Mas o epicentro da crise no governo está nos vínculos entre a crise econômica e o processo sucessório. Aqui ela tem duas faces: uma política e outra econômica. E não raro, uma face se sobrepõe à outra. Na face política há sinais de perigo nos torpedos que o presidente do Senado, Antônio Carlos Magalhães, vem lançando nas cercanias do Planalto. O maior dos torpedos foi o ataque do senador ao aumento do Imposto de Renda embutido no pacote fiscal. Antes de uma indignação contra as arrochadas condições de vida da classe média a posição de ACM significou uma advertência política de que se a crise se aprofundar ele pode pular do barco e apresentar-se como opção. Aliás, foi pelas mãos de Antônio Carlos que o ex-prefeito Paulo Maluf adentrou as portas do Alvorada e consertou com Fernando Henrique. O concerto Maluf-Fernando Henrique é outro importante elemento da crise política. O presidente não só enterrou parte da história do PSDB de São Paulo, como humilhou o partido e o governador Mário Covas.

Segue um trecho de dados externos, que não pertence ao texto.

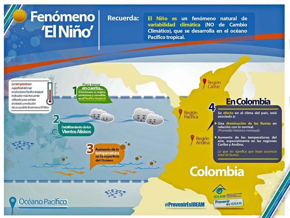 Así mismo, el Ideam afirmó que El Niño puede tener incidencia en el patron de siembra ya que daña los cultivos, afectando a su vez la seguridad alimentaria del país. También tiene consecuencias directas en la disponibilidad del recurso hídrico, por lo que recomiendan la economización del agua en cada hogar.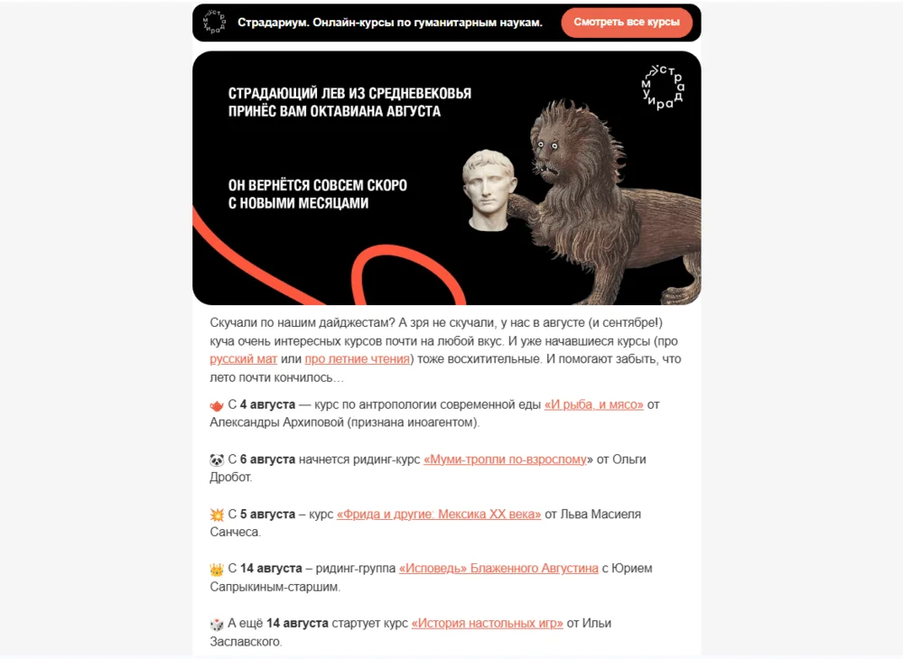 Повторяйте кнопку внизу письма, если оно длинное. Иногда письма получаются большими: дайджесты, продуктовые подборки, инструкции. Если кнопка встречается только в начале, она теряется по ходу чтения. А если только внизу — не все до неё дойдут.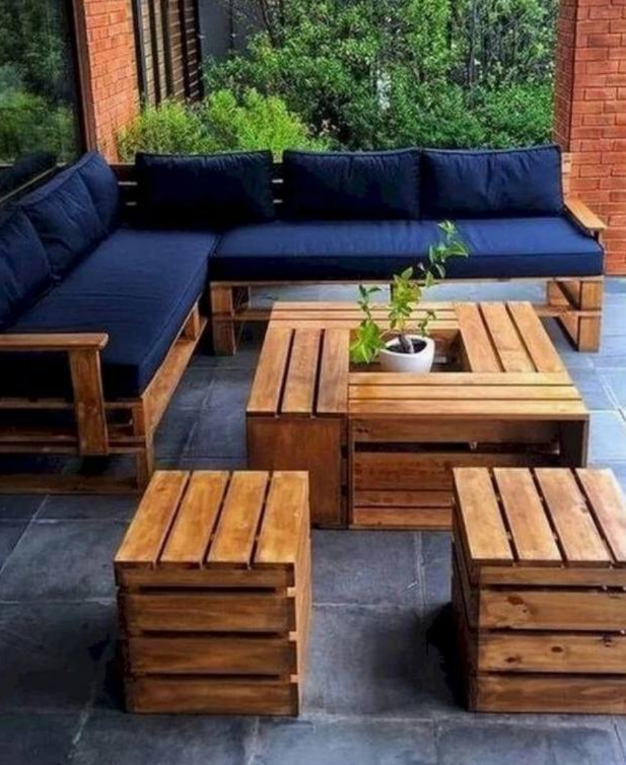 Для завершеного вигляду та комфорту додайте м'які, бажано вологостійкі подушки та матраци. Задекоруйте меблі гірляндами з ліхтариків, свічками, пледами чи невеликими горщиками з травами. Колір меблів можна залишити натуральним або пофарбувати в яскраві чи пастельні тони.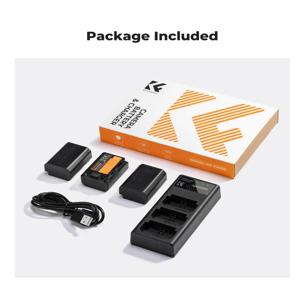 K&F Concept NP-FZ100 (3-Pack) 2280mAh Rechargeable...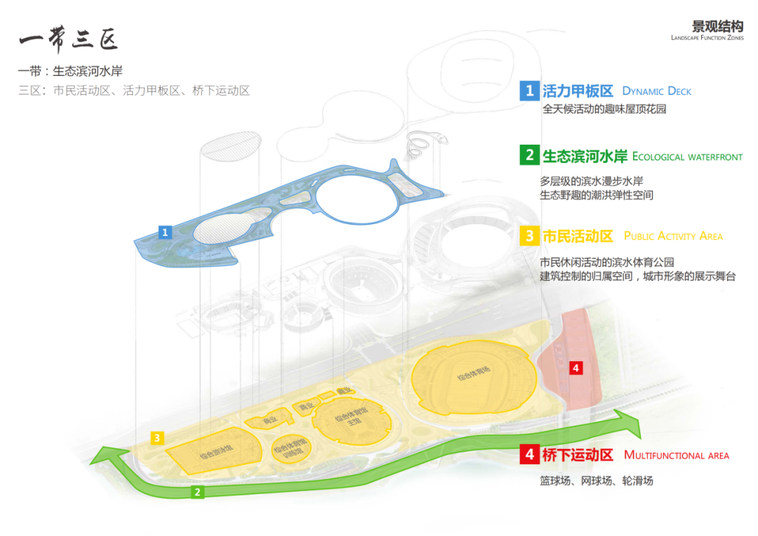 德勝體育中心的景觀設(shè)計以“人與自然和諧共生”為核心理念,巧妙構(gòu)建了“一帶三區(qū)”的多元景觀結(jié)構(gòu),旨在打造一個超越賽事本身、服務(wù)于城市與市民的綜合性公共空間。
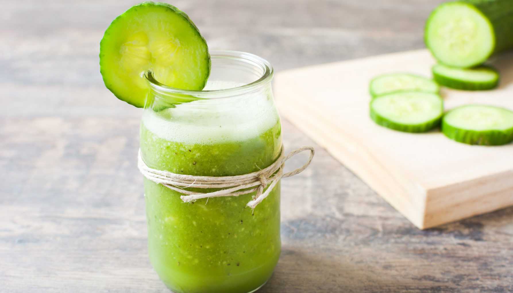 Этот напиток действует, как мягкое очищающее средство, обладает освежающим вкусом. Ананас способствует похудению, огурец и киви выводят из организма лишнюю влагу.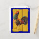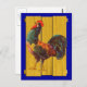 Un colorido gallo de crowing de una vintage obra de arte de la etiqueta del cajón de la cocina sobre un fondo falso de madera. Haga clic en Personalizar para agregar su nombre o mensaje, e incluso guarde el diseño para más adelante.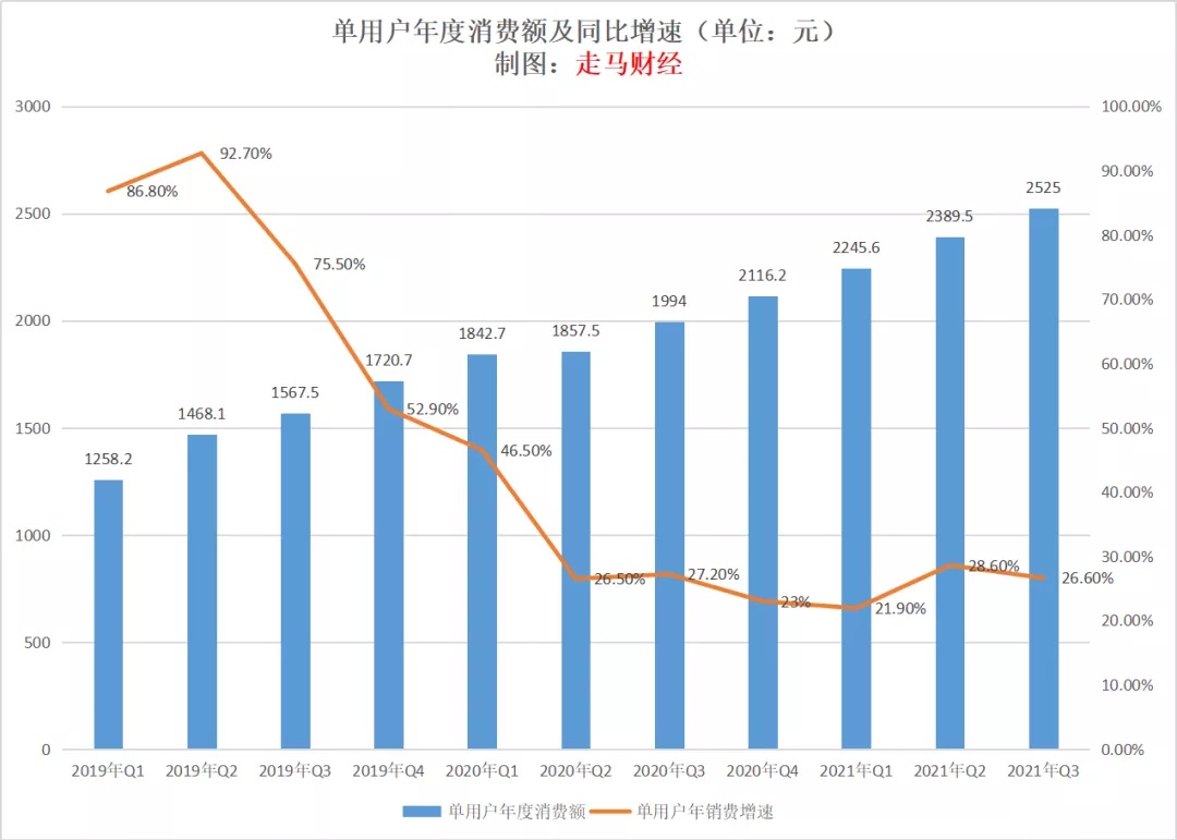 而我们看用户的消费金额增速,2020 年 Q2 以来一直维持在 25% 左右,最近两个季度这一数据也没有放缓的迹象,在笔者看来,只要拼多多年度单用户消费金额增速维持 20% 左右,就是非常不错的趋势,那么市场又有什么好恐慌的呢?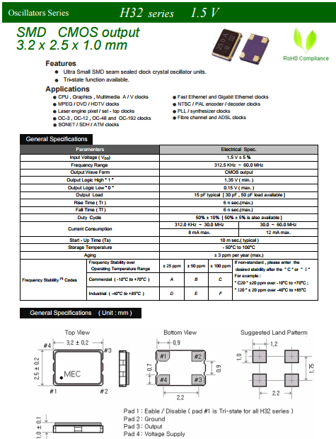 MERCURY晶振,3225貼片晶振,H32石英水晶振蕩子.3225mm體積非常小的SMDcrystal器件,是民用小型無(wú)線數(shù)碼產(chǎn)品的最佳選擇,小體積的晶振被廣泛應(yīng)用到,手機(jī)藍(lán)牙,GPS定位系統(tǒng),無(wú)線通訊集,高精度和高頻率的穩(wěn)定性能,非常好的減少電磁干擾的影響,是民用無(wú)線數(shù)碼產(chǎn)品最好的選擇,符合RoHS/無(wú)鉛.
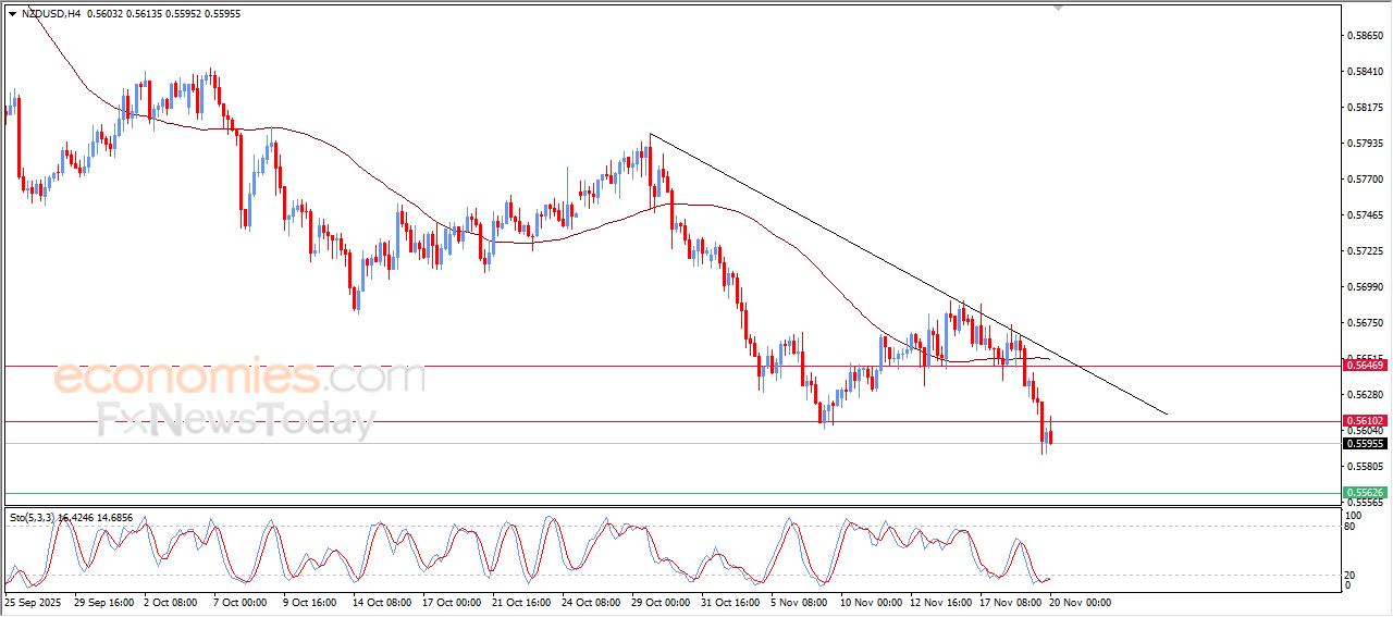 Prețul (NZDUSD) a scăzut în ultima tranzacționare intraday, după ce a depășit suportul cheie de la 0,5610, care reprezintă ținta așteptată în analiza anterioară, pe fondul continuării presiunii negative provenite din tranzacționarea sub EMA50 și sub dominația trendului principal bearish și a tranzacționării sale de-a lungul unei linii de trend minore pe termen scurt. Pe de altă parte, observăm apariția semnalelor pozitive asupra indicatorilor de putere relativă, după atingerea nivelurilor de supravânzare, ceea ce ar putea reduce pierderile viitoare.

Na verdade, Fernando Henrique acendeu um fogo em brasa que, longe de se extinguir sob as cinzas, poderá provocar ainda grandes labaredas.

Mas é na área econômica o lugar onde a crise no governo vem ganhando contornos mais definidos. Há, hoje, praticamente uma unanimidade nacional sobre a impressa o de que a equipe econômica foi omissa ao não agir em antecipação à crise, cujos sinais eram visíveis. Pior do que isso: além de ser acusada de preguiçosa, a equipe teria feito avaliações profundamente equivocadas. Gustavo Franco, ainda quando diretor da área externa do Banco Central (BC), apresentou-se como apóstolo dos déficits: sustentou que déficits nas contas públicas e nas contas externas não constituíam maiores problemas. Seriam até mesmo salutares. Foram esses dois déficits que suscitaram desconfianças sobre o Real e provocaram a edição do pacote fiscal.

Membros da equipe econômica chegaram a brindar a crise no Sudeste Asiático. Sustentaram que a crise nos tigres asiáticos faria com que os investimentos internacionais se deslocassem para o Brasil. Nada mais equivocado. Com o agravamento da crise, Gustavo Franco, agora presidente do BC, declarou-se perplexo. Registre-se, de passagem, que ele foi ungido à presidência do Banco Central após ter defendido as excelências dos déficits num claro sinal de que o presidente Fernando Henrique concorda ou concordava com suas avaliações.

O fato é que com a crise, a equipe econômica está significativamente desmoralizada. Sintomaticamente, o senador José Serra, um dos cardeais do PSDB e uma das vozes econômicas mais ouvidas do pais, pouco tem se manifestado sobre o quadro econômico. Teria recusado participar de uma reunião convocada por Fernando Henrique da qual participaram, entre outros, Covas e Tasso Jereissati. As divergências de Serra com a atual equipe vêm desde o início do governo. O sempre presente ministro Sérgio Motta também tomou um chá de sumiço na edição do pacote.

A crise no governo atinge diretamente a figura do presidente. Ele vem sendo acusado por colunas políticas e outros observadores de ter se deslumbrado pelo poder. O deslumbramento seria uma das causas da pouca ação do governo. Fernando Henrique estaria se portando como um imprevidente capitão de navio, que ante a aproximação da turbulência das ondas e da tempestade, permanece em sua cabine imaginando um céu estrelado e um mar límpido. Enquanto isso, os seus comandados, incansáveis de festejar os últimos sucessos, estavam ébrios no salão de festas. Somente a força da turbulência parece tê-los devolvido à realidade, mesmo que perplexos.